Miguel earned a Master of Divinity degree from Union Theological Seminary in 2007, where he studied liberation theologies and homiletics. He has served in a variety of leadership roles within the Episcopal Church, including as communications assistant to Presiding Bishop Katharine Jefferts Schori, managing program director at the Episcopal Church Foundation, and later as director of Anglican Studies and operations director at Episcopal Divinity School at Union. He serves as curate at San Andrés Episcopal Church in Sunset Park, Brooklyn, a Spanish-language, Latino congregation.

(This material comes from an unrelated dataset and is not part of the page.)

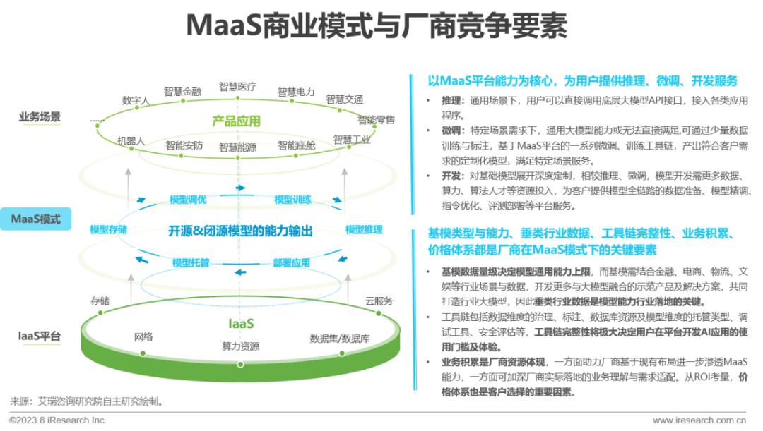 MaaS(Model-as-a-Service),模型即服务,是指以云计算为基础,将大模型作为一项服务提供给用户使用的新业态。如今,MaaS模式已成为各家云巨头厂商发展第一战略优先级,把模型作为重要的生产元素,依托于既有IaaS设施与PaaS平台架构,为下游客户提供以大模型为核心的数据处理、特征工程、模型训练、模型调优、推理部署等服务。未来,顺应大模型开源趋势,MaaS服务商将着力打造大模型商店平台,发力大模型生态建设,纳入更多允许商用的开源模型,提升平台的基模类型及能力,并丰富工具链产品服务,通过业务积累、数据回流、模型迭代逐步形成壁垒,在拉高云服务营收天花板的同时进一步塑造厂商的核心竞争力。
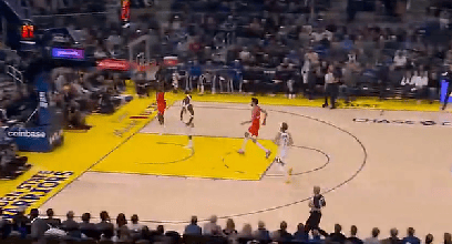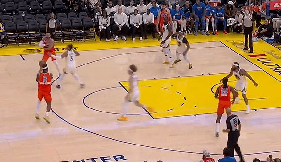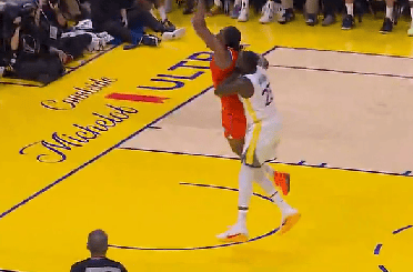 威少底角接球面对杜兰特防守,加速突破被吹踩线出界

Formed by his upbringing in the Texas Hill Country, Miguel’s faith and ministry are shaped by a deep commitment to racial, economic, and migrant justice. He attended Our Lady of the Lake University in San Antonio, where he studied the Roman Catholic social justice tradition, Latin American liberation theologies, and Spanish. He has lived outside the United States, in both Querétaro, México and Barcelona, Spain, experiences that deepened his commitment to a global, justice-centered faith.
Miguel currently serves on the boards of Episcopal Relief & Development, Rural & Migrant Ministry, and Friends of Forward Movement, and continues to advocate for a church that prioritizes issues of economic justice and extends a welcome to Latino immigrants and the LGBTQIA+ community. He lives in Brooklyn with his husband Ben and their dog Duke.